Si, pour Chevallard, les savoirs scolaires renvoient à des savoirs « savants » issus des mathématiques, c’est-à-dire « aussi proches que possible de l’état de la science, tel qu’il est défini par les institutions les plus légitimes » (Perrenoud, 1996, p. 238), en revanche, pour Martinand (1986), les savoirs scolaires en didactique de la technologie sont issus de pratiques sociales de référence. Cette interprétation est complémentaire au modèle de transposition didactique de Chevallard. À ce chapitre, « les trois aspects du concept se retrouvent dans le choix des termes : les pratiques renvoient aux activités “réelles” d’un groupe social identifié, qui peut servir de référence pour la conception ou l’analyse d’activités scolaires ». (Reuter, 2007, p. 181) Elles ne permettent pas tant de retracer les origines savantes des savoirs scolaires, comme le suggère Chevallard (1985) avec la transposition didactique externe (de la sélection des savoirs dans la sphère savante à leur inscription dans le

curriculum formel), mais plutôt d’en faire apparaître de nouveaux qui reflètent encore mieux l’évolution de la société.

Pensons aux disciplines artistiques fondées sur des pratiques de création et d’interprétation d’œuvres.
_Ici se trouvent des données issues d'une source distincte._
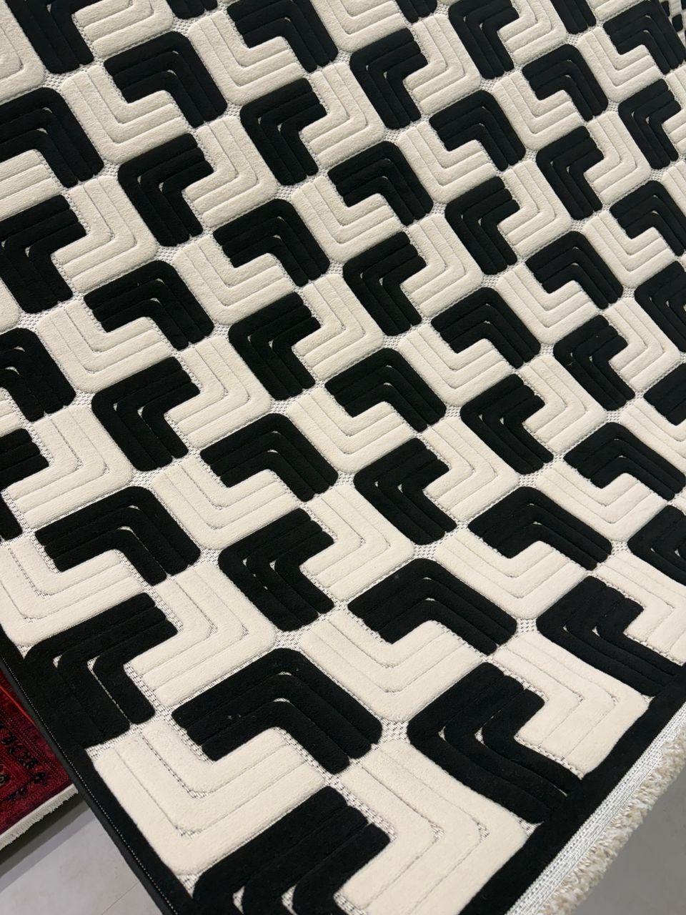 فرش پینترستی سفید مشکی، انتخابی خاص برای طرفداران دکوراسیون مدرن و مینیمال است. این مدل گزینه ای عالی برای پذیرایی، نشیمن و حتی فضاهای مینیمال است و جلوه ای چشم نواز به دکور شما میدهد.
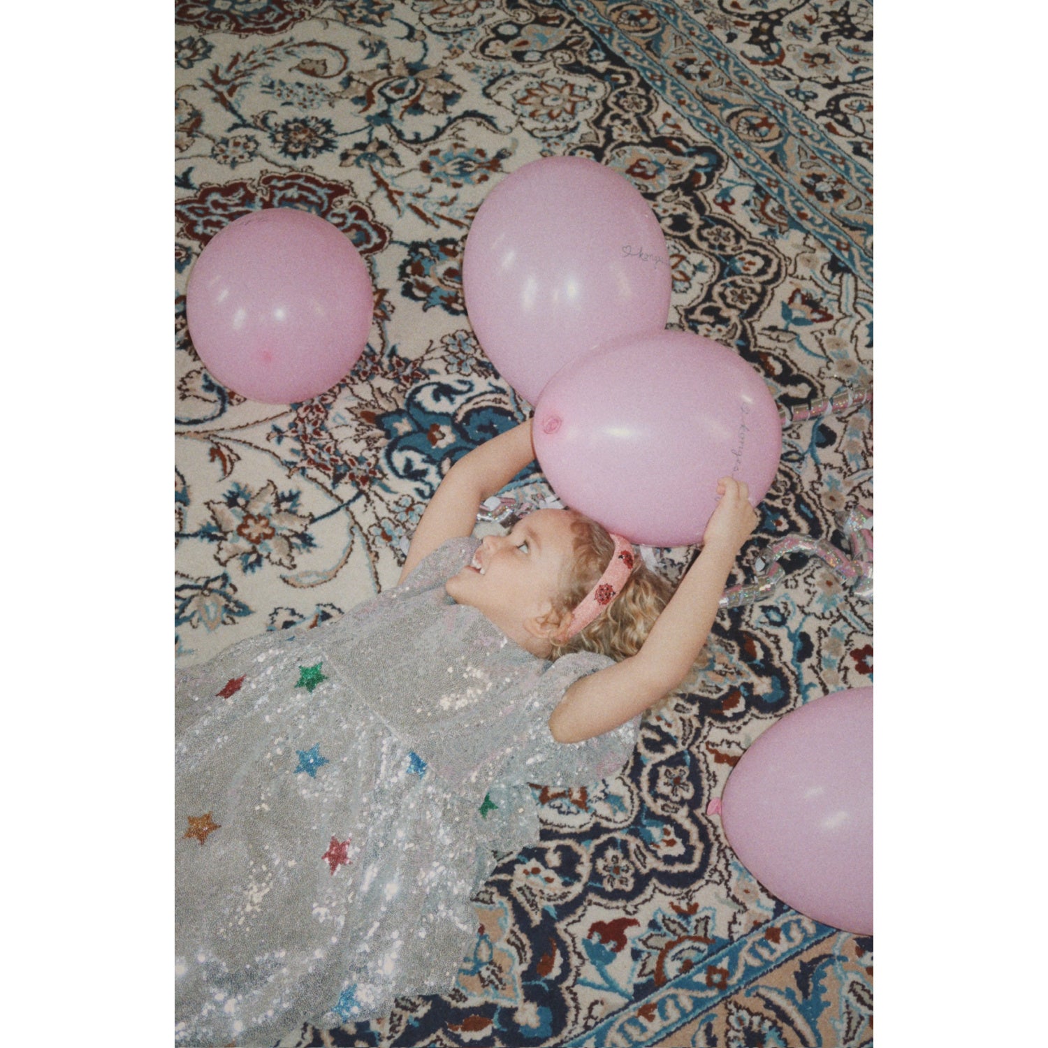La barnet ditt skinne i enhver sammenkomst med vår Konges Sløjd Starla Star Dust kjole. Denne yndige kjolen er utformet med sølvfargede paljetter og har en flatterende, innsvinget midje og en rund hals som framhever den stilige silhuetten. Skjørtet er utvidet som gir et lekent preg, og det komfortable designet sikrer at de små kan leke fritt og ubesværet. De holdbare materialene og lette vedlikeholdsanvisningene gjør Starla-kjolen til et praktisk valg for enhver anledning.

L’apprentissage des concepts « théoriques » passe d’abord par une expérimentation pratique proche de celle des artistes de profession. Les disciplines qui recourent à des pratiques autant qu’à des savoirs « savants » sont susceptibles de faire émerger de nouveaux savoirs qui n’existent pas dans la société, phénomène que Chervel (1988) a nommé les « créations didactiques ». Chevallard (1985) en a reconnu l’existence, mais a aussi critiqué cette forte tendance de l’école à se replier sur elle-même du point de vue de l’épistémologie.

À son tour, Perrenoud (1996) a cherché à recadrer la réflexion autour de la notion de transposition didactique, en rappelant que « Certaines disciplines scolaires, comme la géographie, la grammaire, sont, à l’origine, des “inventions” internes de l’école, que la société a adoptées, et qui sont devenues après coup des champs du savoir savant. » (p. 235) C’est aussi le cas de la danse éducative, qui a été intégrée à l’école québécoise au début des années 1980 avant de devenir une discipline de formation universitaire visant à qualifier des enseignants en la matière et permettant à une nouvelle culture disciplinaire (Saussez, 2008) de naître en milieu scolaire.

Depuis les travaux de Chevallard (1985), l’exclusivité de la référence « savante » aux savoirs scolaires a été nuancée par plusieurs chercheurs en didactique des disciplines (Johsua, 2002; Martinand, 1986, 2001; Perrenoud, 1996, 1998; Raisky, 2001; Terrisse, 2001). C’est pourquoi le modèle de transposition didactique de Chevallard a subi des modifications pour les besoins des différentes disciplines scolaires.